- _Data section_:

────────

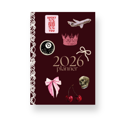 Playful, daring, and entirely unexpected—just like the story it’s ready to hold. The 2026 Planner Signature Velvet Noir Iconic Collage layers deep maroon with a curated collection of icons: lace, cherries, crowns, cards, bows, and more. It’s a wink of rebellion wrapped in elegance, crafted for the client who thrives in contrasts.
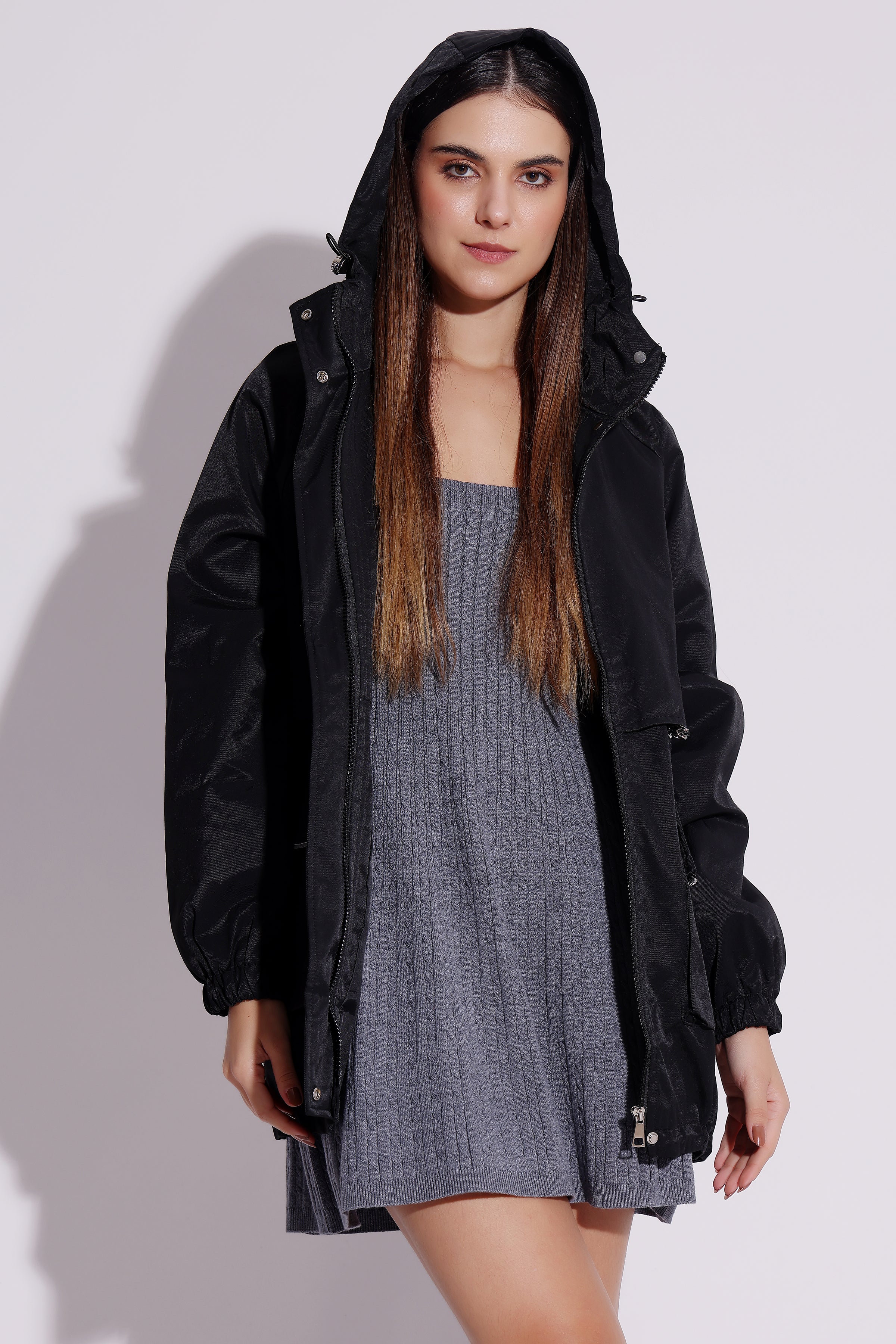 Rs. 3,999.00Rs. 3,999.00/This versatile black parka jacket features a drawstring hood, zippered pockets, and a cinched waist for a flattering, feminine silhouette. The lightweight, water-resistant fabric makes it...
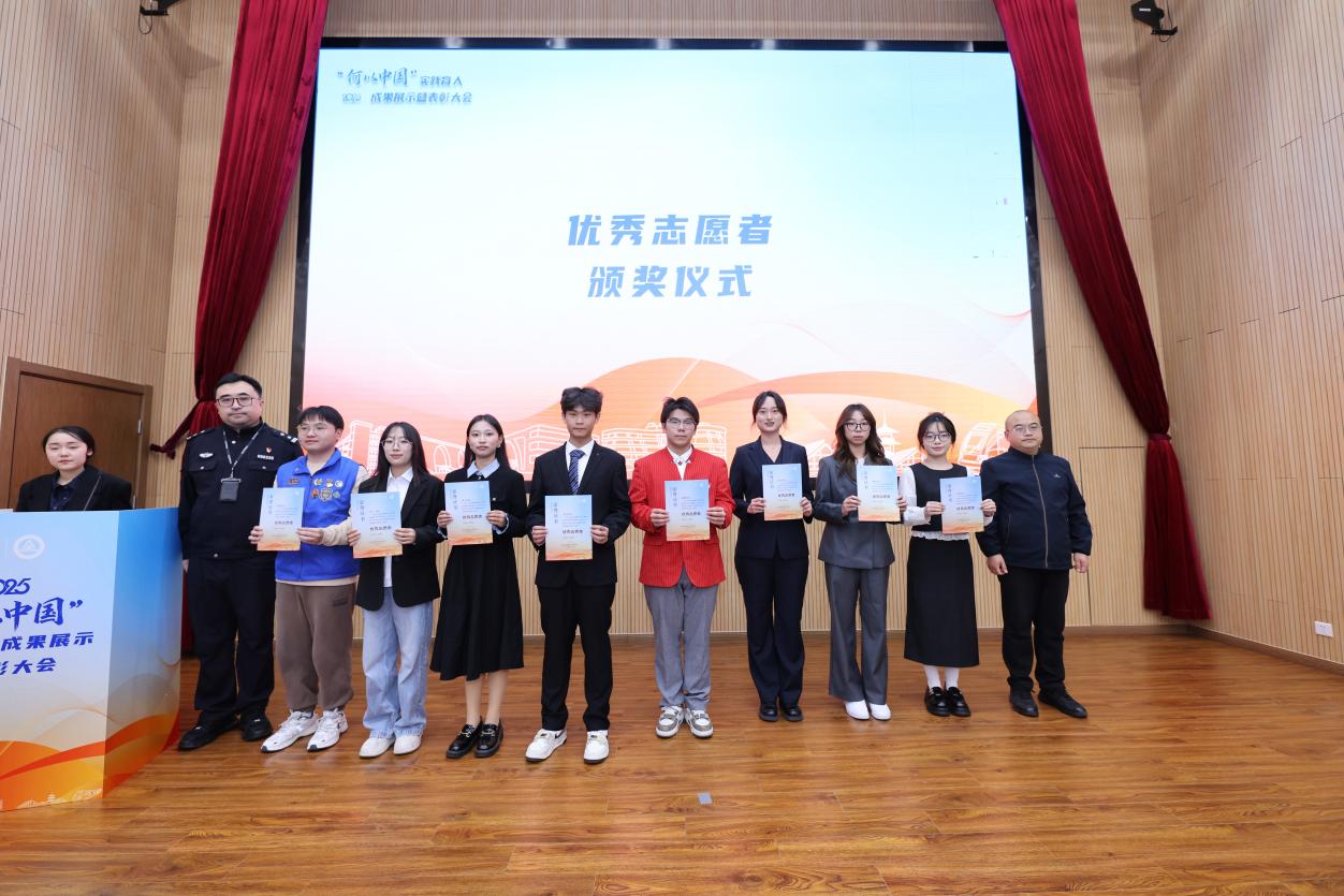 与会领导分别为优秀校外实践导师、优秀校内指导教师、优秀志愿者、优秀志愿服务组织者和暑期社会实践获奖队伍颁奖。
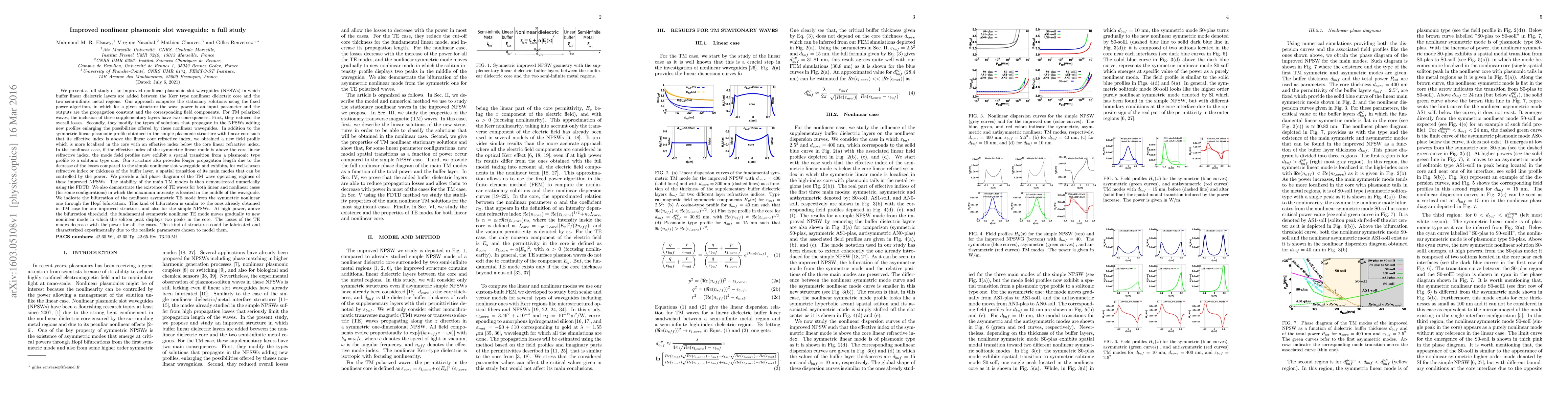 This paper studies an improved nonlinear plasmonic slot waveguide with added buffer layers, showing reduced losses and enhanced propagation modes. The structure exhibits longer propagation length and controllable spatial transitions, with numerical stability demonstrated and potential for experimental realization.
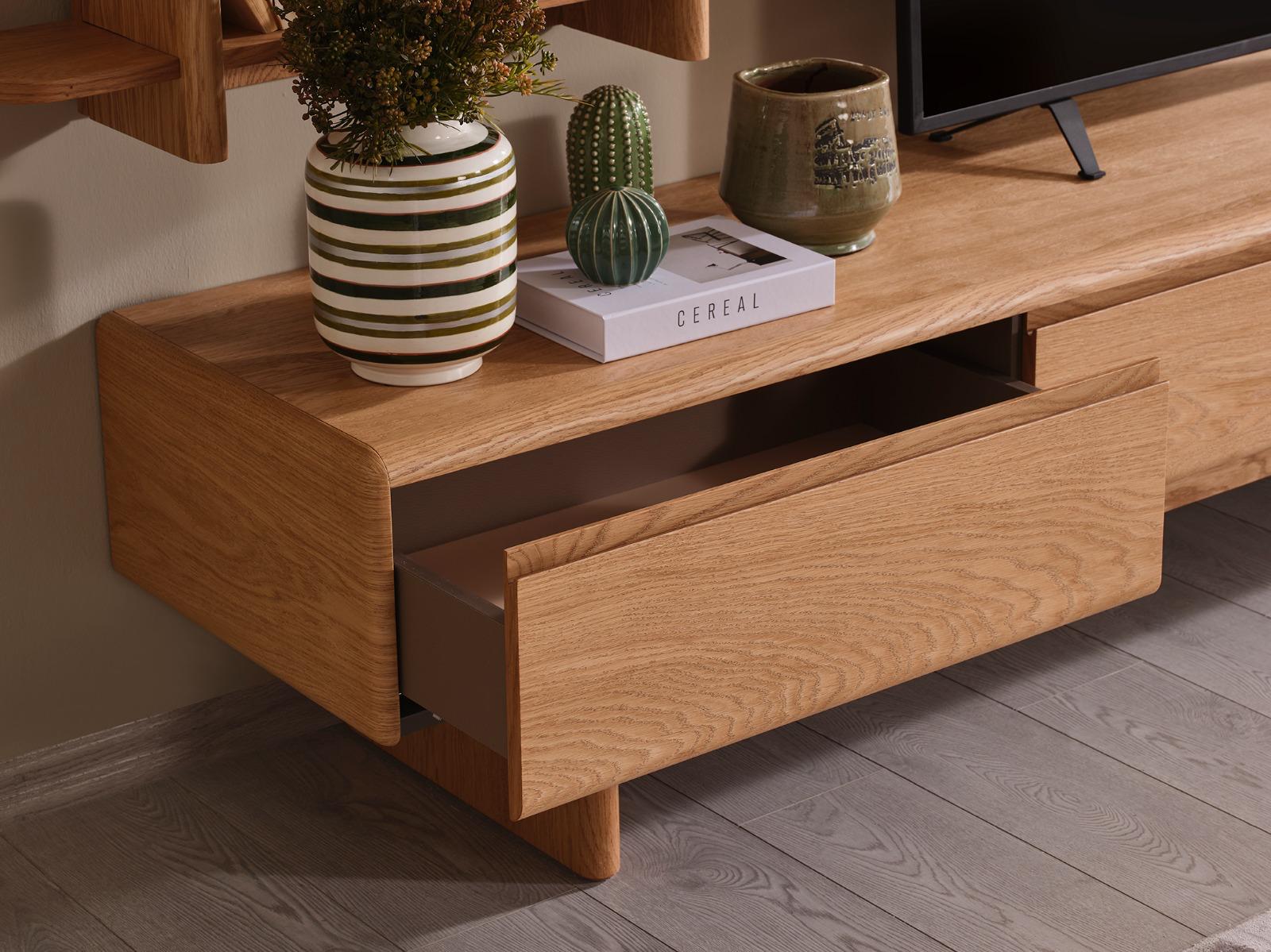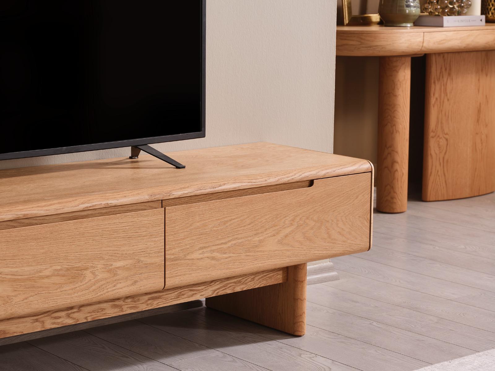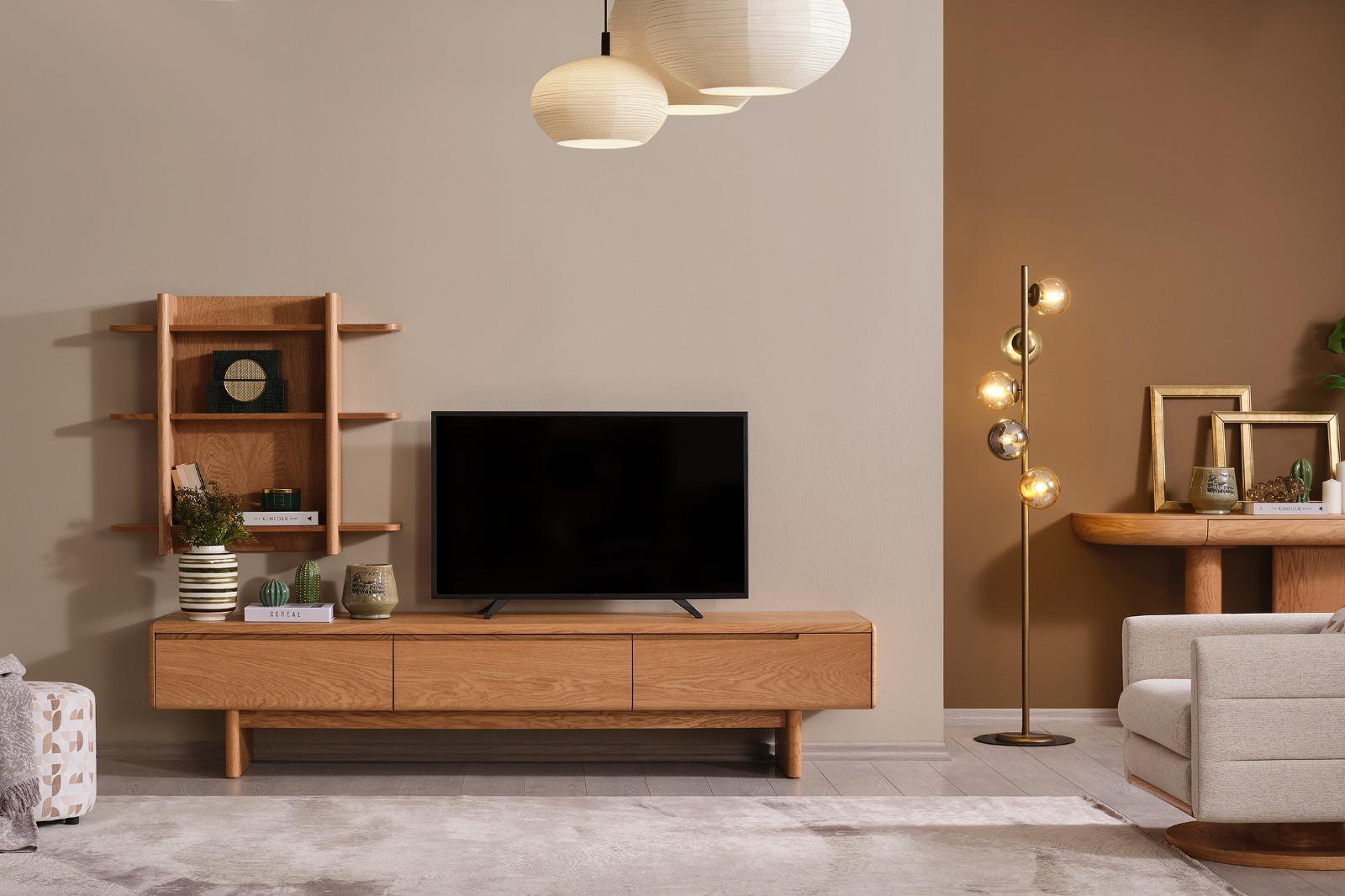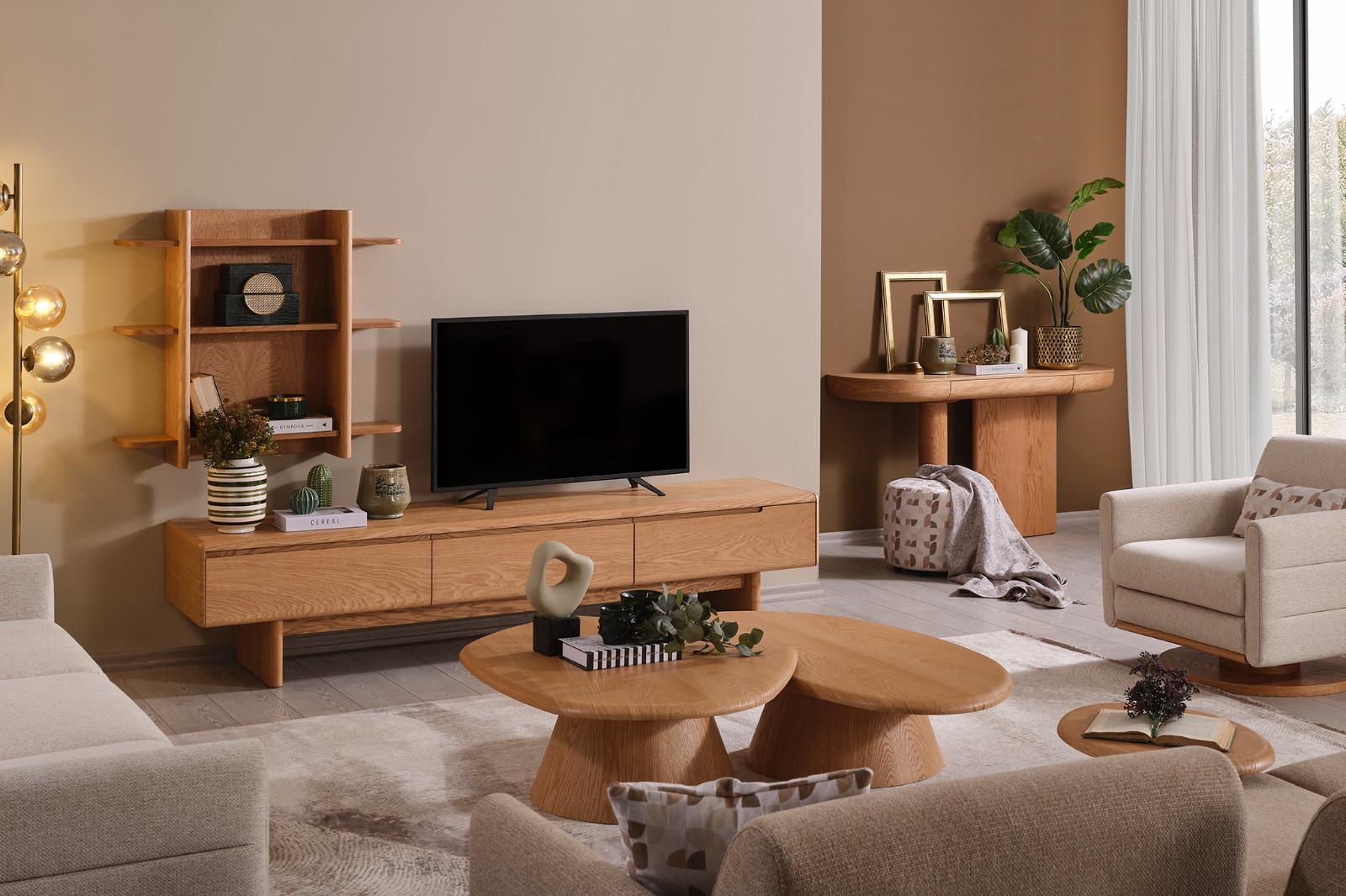 Boldy TV Ünitesi, güçlü meşe dokusunu yuvarlatılmış hatlarla buluşturarak sadeliğin içindeki estetiği ön plana çıkarıyor. Gövdeye gömülü kulp detayları, tasarımı sadeleştirirken kullanım kolaylığı sağlıyor. Organik çizgilerle şekillenen masa ve sehpalarla bütünleşen ünitenin yumuşak geçişleri, mekânda doğal bir akış yaratıyor. Boldy, modern dekorasyon anlayışına doğallık ve sıcaklık katmak isteyenler için ideal bir seçim.

────────

Reproduce each line above exactly, but not a single picture.

- _Answer to this exercise_:
 Playful, daring, and entirely unexpected—just like the story it’s ready to hold. The 2026 Planner Signature Velvet Noir Iconic Collage layers deep maroon with a curated collection of icons: lace, cherries, crowns, cards, bows, and more. It’s a wink of rebellion wrapped in elegance, crafted for the client who thrives in contrasts.
 Rs. 3,999.00Rs. 3,999.00/This versatile black parka jacket features a drawstring hood, zippered pockets, and a cinched waist for a flattering, feminine silhouette. The lightweight, water-resistant fabric makes it...
 与会领导分别为优秀校外实践导师、优秀校内指导教师、优秀志愿者、优秀志愿服务组织者和暑期社会实践获奖队伍颁奖。
 This paper studies an improved nonlinear plasmonic slot waveguide with added buffer layers, showing reduced losses and enhanced propagation modes. The structure exhibits longer propagation length and controllable spatial transitions, with numerical stability demonstrated and potential for experimental realization.
 Boldy TV Ünitesi, güçlü meşe dokusunu yuvarlatılmış hatlarla buluşturarak sadeliğin içindeki estetiği ön plana çıkarıyor. Gövdeye gömülü kulp detayları, tasarımı sadeleştirirken kullanım kolaylığı sağlıyor. Organik çizgilerle şekillenen masa ve sehpalarla bütünleşen ünitenin yumuşak geçişleri, mekânda doğal bir akış yaratıyor. Boldy, modern dekorasyon anlayışına doğallık ve sıcaklık katmak isteyenler için ideal bir seçim.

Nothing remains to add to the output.